PoseBusters limit: protein-ligand vdW overlap < 7.5% of ligand vdW volume. Computed via:

```python
def vdw_overlap_fraction(ligand_pdb, protein_pdb):
    from rdkit import Chem
    from rdkit.Chem import AllChem
    # Use RDKit AllChem.UFFGetMoleculeForceField for vdW radii
    # Compute pairwise distances, sum overlap volume
    # (full implementation in PoseBusters; this is a sketch)
    return overlap_fraction
```

In practice, PoseBusters' `bust(...)` does this automatically.
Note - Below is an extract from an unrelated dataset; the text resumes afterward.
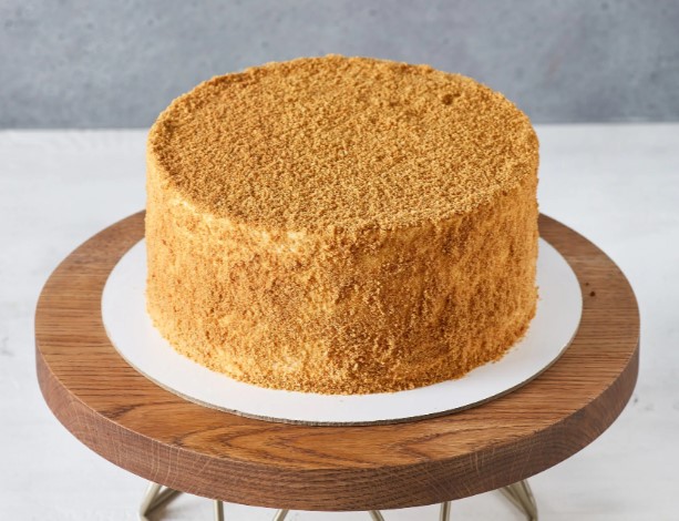 Остывший корж разрежьте на три или четыре части. Промажьте каждый слой кремом, сложите стопкой. Обмажьте бока и верх, посыпьте крошкой из обрезков. И вот здесь главное — не спешите. Уберите торт в холодильник минимум на четыре часа, а лучше на ночь. Именно во время отдыха медовик становится тем, чем должен быть: мягким, сочным, буквально тающим во рту.

## Aromatic Ring Planarity

```python
import numpy as np

def aromatic_planarity(mol):
    deviations = []
    for ring in mol.GetRingInfo().AtomRings():
        ring_atoms = [mol.GetAtomWithIdx(i) for i in ring]
        if not all(a.GetIsAromatic() for a in ring_atoms):
            continue
        coords = np.array([mol.GetConformer().GetAtomPosition(i)
                          for i in ring])
        centroid = coords.mean(axis=0)
        centered = coords - centroid
        _, s, vh = np.linalg.svd(centered)
        normal = vh[-1]
        deviation = np.abs(centered @ normal).max()
        deviations.append(deviation)
    return max(deviations) if deviations else 0
```

Aromatic ring deviation > 0.25 Å is implausible; flag.

## Per-Tool Failure Modes

### DiffDock-L -- chirality inversion

**Trigger:** Default DiffDock-L on chiral ligand.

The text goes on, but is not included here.